_REQUIRED ACTION_
State the number of lines in these records that include the word "also", and add nothing to it.
EXERCISE INPUTS: Begin
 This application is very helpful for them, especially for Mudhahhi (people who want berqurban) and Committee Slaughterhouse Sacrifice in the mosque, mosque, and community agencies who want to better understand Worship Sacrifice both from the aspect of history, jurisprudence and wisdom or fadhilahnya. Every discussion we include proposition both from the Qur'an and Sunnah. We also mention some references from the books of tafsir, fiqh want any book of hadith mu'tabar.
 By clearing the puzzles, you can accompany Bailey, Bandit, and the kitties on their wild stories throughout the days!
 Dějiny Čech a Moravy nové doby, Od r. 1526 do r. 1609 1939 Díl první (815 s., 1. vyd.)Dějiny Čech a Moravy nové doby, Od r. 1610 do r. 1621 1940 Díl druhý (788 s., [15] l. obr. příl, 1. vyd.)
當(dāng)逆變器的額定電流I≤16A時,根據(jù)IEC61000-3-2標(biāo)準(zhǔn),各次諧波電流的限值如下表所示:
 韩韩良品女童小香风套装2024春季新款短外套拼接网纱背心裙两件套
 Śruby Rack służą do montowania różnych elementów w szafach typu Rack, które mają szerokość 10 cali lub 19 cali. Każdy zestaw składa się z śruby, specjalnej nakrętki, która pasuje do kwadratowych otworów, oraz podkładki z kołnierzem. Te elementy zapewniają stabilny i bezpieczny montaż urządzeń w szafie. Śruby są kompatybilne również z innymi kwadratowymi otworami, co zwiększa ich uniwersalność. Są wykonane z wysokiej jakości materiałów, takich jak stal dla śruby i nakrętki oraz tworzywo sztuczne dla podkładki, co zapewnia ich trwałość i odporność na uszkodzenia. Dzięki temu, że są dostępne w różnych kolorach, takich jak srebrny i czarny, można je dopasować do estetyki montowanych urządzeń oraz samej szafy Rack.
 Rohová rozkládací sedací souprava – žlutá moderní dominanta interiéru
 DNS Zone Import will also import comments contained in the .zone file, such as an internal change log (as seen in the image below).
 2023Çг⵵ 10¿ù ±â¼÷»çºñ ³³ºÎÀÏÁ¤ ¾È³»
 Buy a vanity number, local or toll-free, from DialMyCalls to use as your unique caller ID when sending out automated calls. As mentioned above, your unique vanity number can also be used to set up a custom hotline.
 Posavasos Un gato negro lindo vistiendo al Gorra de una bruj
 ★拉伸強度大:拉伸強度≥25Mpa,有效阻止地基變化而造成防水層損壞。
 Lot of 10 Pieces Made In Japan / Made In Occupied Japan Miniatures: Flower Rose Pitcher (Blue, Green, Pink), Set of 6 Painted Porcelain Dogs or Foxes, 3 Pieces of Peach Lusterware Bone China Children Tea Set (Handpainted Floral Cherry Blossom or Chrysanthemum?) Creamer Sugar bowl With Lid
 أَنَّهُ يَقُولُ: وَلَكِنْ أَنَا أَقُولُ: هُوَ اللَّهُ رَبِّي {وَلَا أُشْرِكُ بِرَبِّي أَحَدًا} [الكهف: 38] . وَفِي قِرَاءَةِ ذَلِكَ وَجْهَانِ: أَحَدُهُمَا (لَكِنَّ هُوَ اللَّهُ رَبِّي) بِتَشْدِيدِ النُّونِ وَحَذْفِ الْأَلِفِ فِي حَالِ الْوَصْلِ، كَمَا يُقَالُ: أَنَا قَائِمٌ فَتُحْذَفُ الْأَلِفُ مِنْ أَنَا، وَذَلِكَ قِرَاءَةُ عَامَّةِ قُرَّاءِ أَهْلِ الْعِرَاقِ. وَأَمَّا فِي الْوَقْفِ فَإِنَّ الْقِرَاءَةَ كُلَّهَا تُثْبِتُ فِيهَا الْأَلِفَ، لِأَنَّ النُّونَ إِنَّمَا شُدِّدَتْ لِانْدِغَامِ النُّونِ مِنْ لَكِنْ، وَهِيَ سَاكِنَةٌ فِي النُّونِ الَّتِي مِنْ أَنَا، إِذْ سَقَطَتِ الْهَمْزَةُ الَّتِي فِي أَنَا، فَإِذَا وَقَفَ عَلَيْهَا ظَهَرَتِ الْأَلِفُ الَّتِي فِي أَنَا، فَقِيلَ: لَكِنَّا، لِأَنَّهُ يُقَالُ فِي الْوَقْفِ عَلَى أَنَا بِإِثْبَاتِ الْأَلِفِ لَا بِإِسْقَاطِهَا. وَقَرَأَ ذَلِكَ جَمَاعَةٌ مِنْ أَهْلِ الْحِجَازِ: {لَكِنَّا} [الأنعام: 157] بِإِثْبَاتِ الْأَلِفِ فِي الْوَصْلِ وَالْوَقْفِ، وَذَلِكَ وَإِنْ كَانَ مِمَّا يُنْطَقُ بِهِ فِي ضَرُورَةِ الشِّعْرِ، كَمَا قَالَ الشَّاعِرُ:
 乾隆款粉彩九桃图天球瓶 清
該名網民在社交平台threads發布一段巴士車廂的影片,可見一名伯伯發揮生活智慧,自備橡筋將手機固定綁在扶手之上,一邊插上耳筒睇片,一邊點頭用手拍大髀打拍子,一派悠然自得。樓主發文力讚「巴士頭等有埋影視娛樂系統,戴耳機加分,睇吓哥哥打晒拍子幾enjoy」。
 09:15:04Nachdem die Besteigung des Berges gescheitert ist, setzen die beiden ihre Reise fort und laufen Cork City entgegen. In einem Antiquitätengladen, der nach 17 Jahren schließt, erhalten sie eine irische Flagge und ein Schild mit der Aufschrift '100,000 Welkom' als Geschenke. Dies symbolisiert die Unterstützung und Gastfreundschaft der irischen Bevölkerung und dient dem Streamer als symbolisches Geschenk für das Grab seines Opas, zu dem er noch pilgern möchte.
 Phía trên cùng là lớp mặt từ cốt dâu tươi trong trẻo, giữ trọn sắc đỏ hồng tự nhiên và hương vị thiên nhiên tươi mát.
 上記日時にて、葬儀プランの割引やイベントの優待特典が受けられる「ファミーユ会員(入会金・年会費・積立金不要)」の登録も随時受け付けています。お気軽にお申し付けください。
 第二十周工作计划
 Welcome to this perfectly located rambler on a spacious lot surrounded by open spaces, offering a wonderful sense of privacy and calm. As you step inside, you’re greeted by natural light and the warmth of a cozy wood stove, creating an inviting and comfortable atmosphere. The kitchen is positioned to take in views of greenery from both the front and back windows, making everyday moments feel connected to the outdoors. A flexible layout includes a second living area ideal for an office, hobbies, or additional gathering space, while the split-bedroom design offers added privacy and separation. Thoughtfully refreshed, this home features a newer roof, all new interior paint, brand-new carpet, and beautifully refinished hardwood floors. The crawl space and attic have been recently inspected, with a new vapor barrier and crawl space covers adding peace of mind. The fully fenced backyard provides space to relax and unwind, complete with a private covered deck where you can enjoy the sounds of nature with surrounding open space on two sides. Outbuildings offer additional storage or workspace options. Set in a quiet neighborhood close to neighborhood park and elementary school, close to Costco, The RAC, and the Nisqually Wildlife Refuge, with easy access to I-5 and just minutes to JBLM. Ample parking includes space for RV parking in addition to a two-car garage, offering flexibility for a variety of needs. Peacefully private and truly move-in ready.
EXERCISE INPUTS: End
_SOLUTION BELOW_
3